> Directions:
Output exactly the lines of the listing below that run from the line with "- For the last" through the line with "Number: 03**** |". No pictures.

Input material START

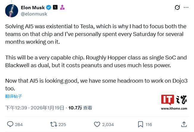 马斯克从侧面证实 AI5 芯片在开发历程中遇到了一些困难,故此前集中了车用与数据中心 AI 芯片开发团队的人力资源进行攻关,他本人也为此连续数月进入周末单休模式。而由于 AI5 现在表现良好,Dojo 3 的开发也重新启动。
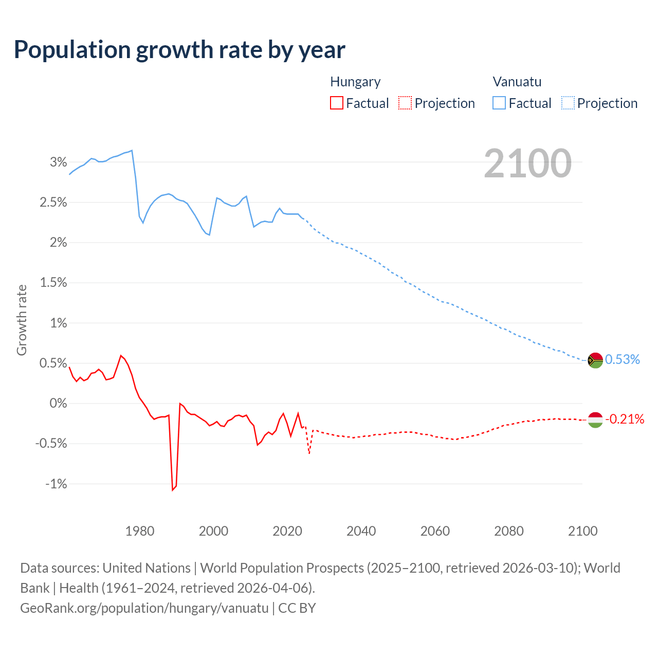 - For the last 10 years, Hungary has had an average growth rate of -0.29% per year vs +2.33% in Vanuatu.
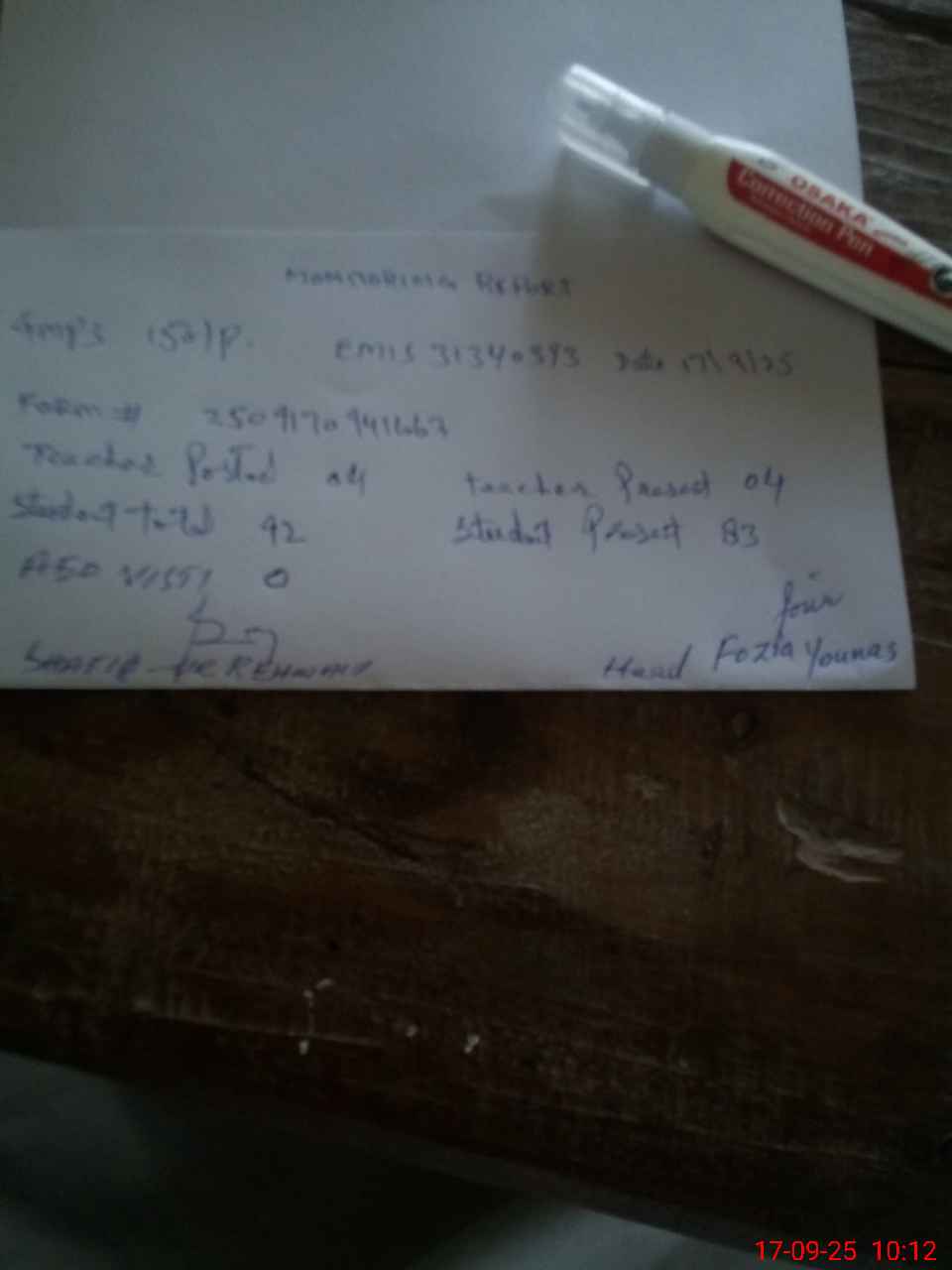 | Name: Fo**** Yo**** Designation: (School Headmaster's/Headmistress's) PST Phone/Cell Number: 03**** |
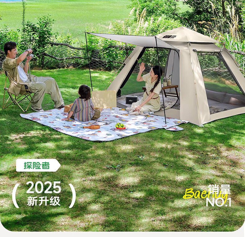 这款露营帐篷真的超出预期!上周带它去了山林露营,搭建特别方便,我一个女生10分钟就搞定了,配件齐全还带详细图解。空间比想象中宽敞,1.8米的充气床垫放进去,旁边还能堆下两个大背包,一家三口住完全不挤。 最惊喜的是防雨性,半夜下了场急雨,帐篷内侧一点没渗水,底部的防水布也很厚实,早上起来地面还是干的。透气性也不错,两侧有透气窗,拉上纱网能防蚊虫,关上又能挡风。收纳后体积不大,塞进后备箱不占地方,重量也适中,拎着走一段路不累。 整体材质摸起来很扎实,感觉能用上好几年,性价比挺高,露营新手闭眼入不踩雷!
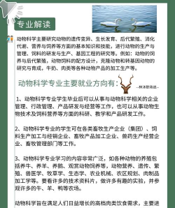 畜牧类企业:动物饲养、育种繁殖、动物营养、饲料工艺设计、饲料管理、产品加工;科研类单位:动物克隆、转基因动物;政府、事业类单位:动物资源调查、动物保护。
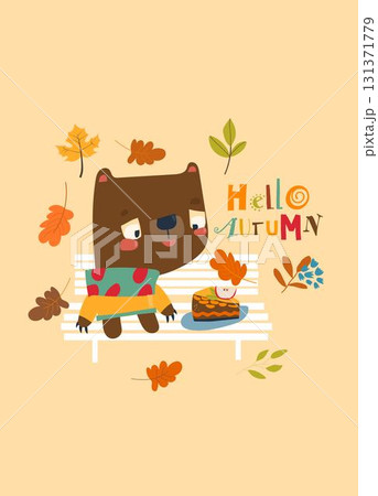 cute bear autumn leaves Illustrations Page 1
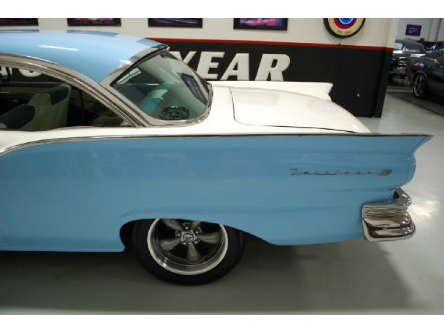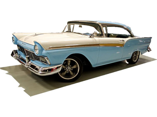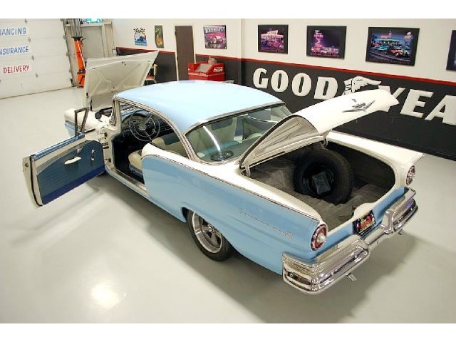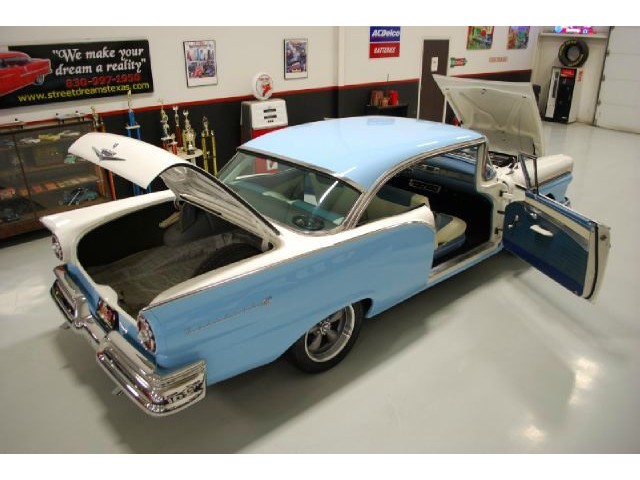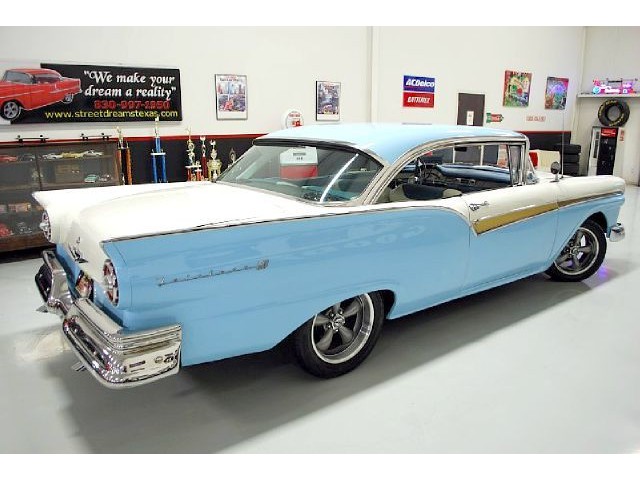 Welcome to streetdreamstexas online auction. We are celebrating our 15th year in the classic and collectible car business. Through all the economies ups and downs it seems that vintage cars and trucks are the best and most fun place to have your money stored. Every once in a while we get a great 57 Ford Fairlane 500. Ninety nine percent of the time they are convertibles in original condition. This is a tastefully lightly modified 2 dr Hardtop that has some very nice upgrades but not over the top. It retains a stock body with no trim or chrome deleted and no major body modifications. Though not a high dollar show finish the body and paint show very well especially with the classic two tone treatment. All of the glass and trim are very nice. There is some distortion on the rear bumper but not really enough to mess with. The nice looking bench seat interior continues the two tone treatment with a combination of vinyl and cloth. I has seat belts, a stock steering wheel, good carpet, door panels, and headliner. The dash is uncut. The original Y block motor was replaced with a later model 302 V-8 with a two barrel carburetor, custom dress up kit, and dual exhaust. It fires right up and runs smooth and strong. The motor compartment is nicely detailed and shows well. The shiny compressor is for the brand new Vintage AC system that was just installed. It blows cold R-134 air. Nice! The chassis is clean and shows very well also with smooth pans, painted hardware, gas shocks, and rides on Coy C-5 17 inch wheels with Gun Metal finish. They look totally retro but feature modern hoops. The larger diameter wheels with radial tires sure makes this ole fifties Ford ride and handle much better. The power steering and disc brakes help also. The trunk is finished with a stock mat and full size spare. If you like a 57 Ford Hardtop but want some subtle upgrades this is the car for you. Hey, Chevy was not the only car built in 57! Make it yours today with low rate, long term financing, cheap collector car insurance, and professional delivery.

Input material END

> Solution:
 - For the last 10 years, Hungary has had an average growth rate of -0.29% per year vs +2.33% in Vanuatu.
 | Name: Fo**** Yo**** Designation: (School Headmaster's/Headmistress's) PST Phone/Cell Number: 03**** |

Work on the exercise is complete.